To do - Below are records with pictures; copy word for word only the lines between the line with "我的世界在手机玩电脑版(我的世界手机版电脑玩)" and the line with "圣母大学学校环境优雅,镀金的", inclusive, and drop the pictures.

Information -
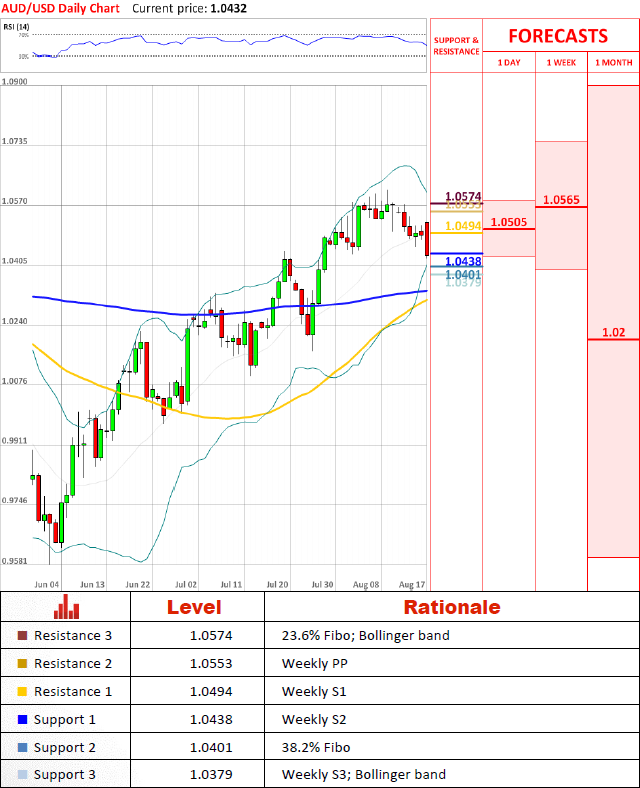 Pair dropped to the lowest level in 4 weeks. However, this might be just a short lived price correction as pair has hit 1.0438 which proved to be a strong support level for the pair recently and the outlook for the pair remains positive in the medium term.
---
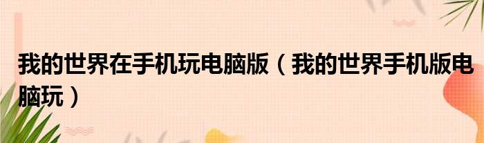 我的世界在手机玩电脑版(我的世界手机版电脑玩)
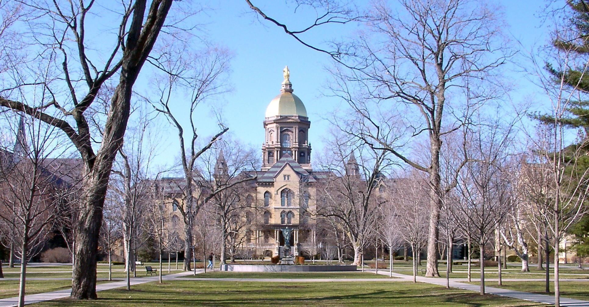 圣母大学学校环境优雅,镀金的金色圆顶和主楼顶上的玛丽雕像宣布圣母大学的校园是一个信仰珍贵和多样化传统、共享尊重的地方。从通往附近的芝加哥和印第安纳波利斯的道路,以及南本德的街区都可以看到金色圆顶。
==
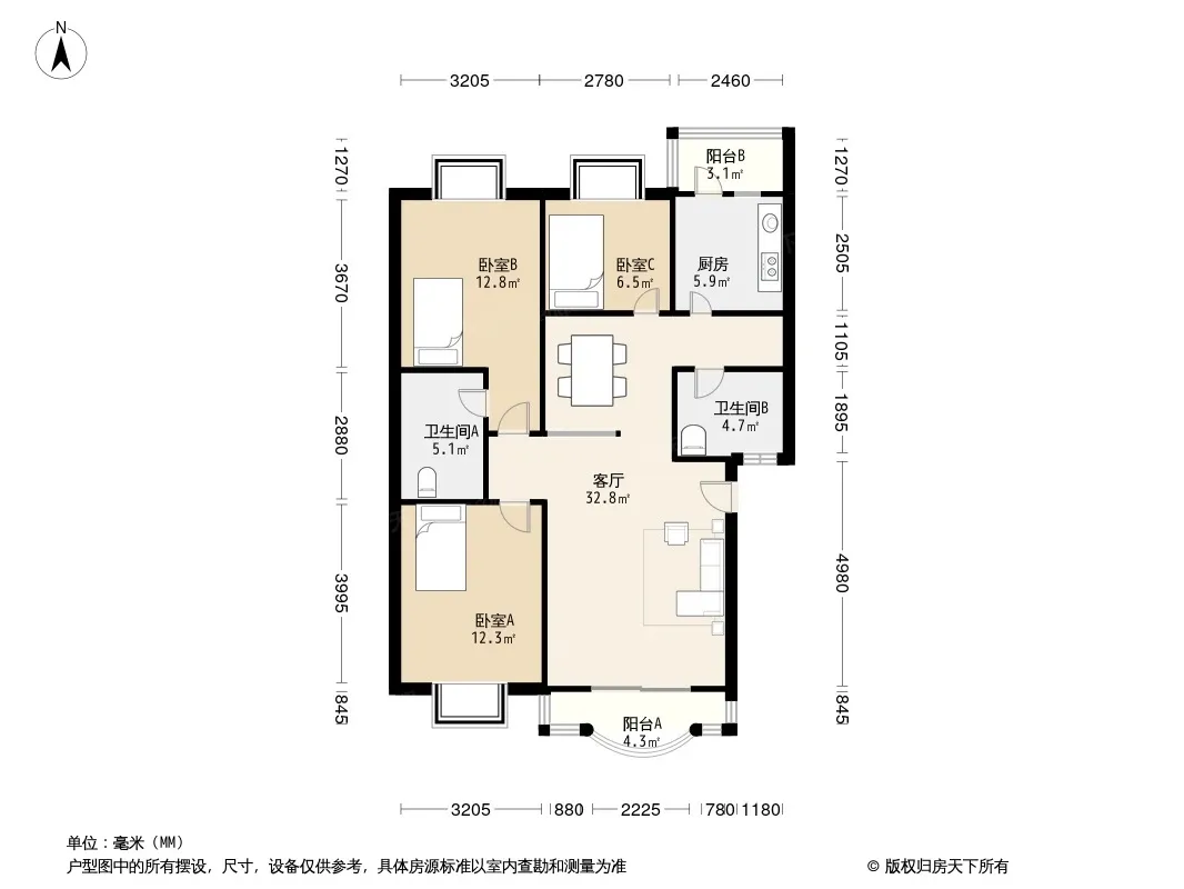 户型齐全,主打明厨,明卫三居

Response area -
 我的世界在手机玩电脑版(我的世界手机版电脑玩)
 圣母大学学校环境优雅,镀金的金色圆顶和主楼顶上的玛丽雕像宣布圣母大学的校园是一个信仰珍贵和多样化传统、共享尊重的地方。从通往附近的芝加哥和印第安纳波利斯的道路,以及南本德的街区都可以看到金色圆顶。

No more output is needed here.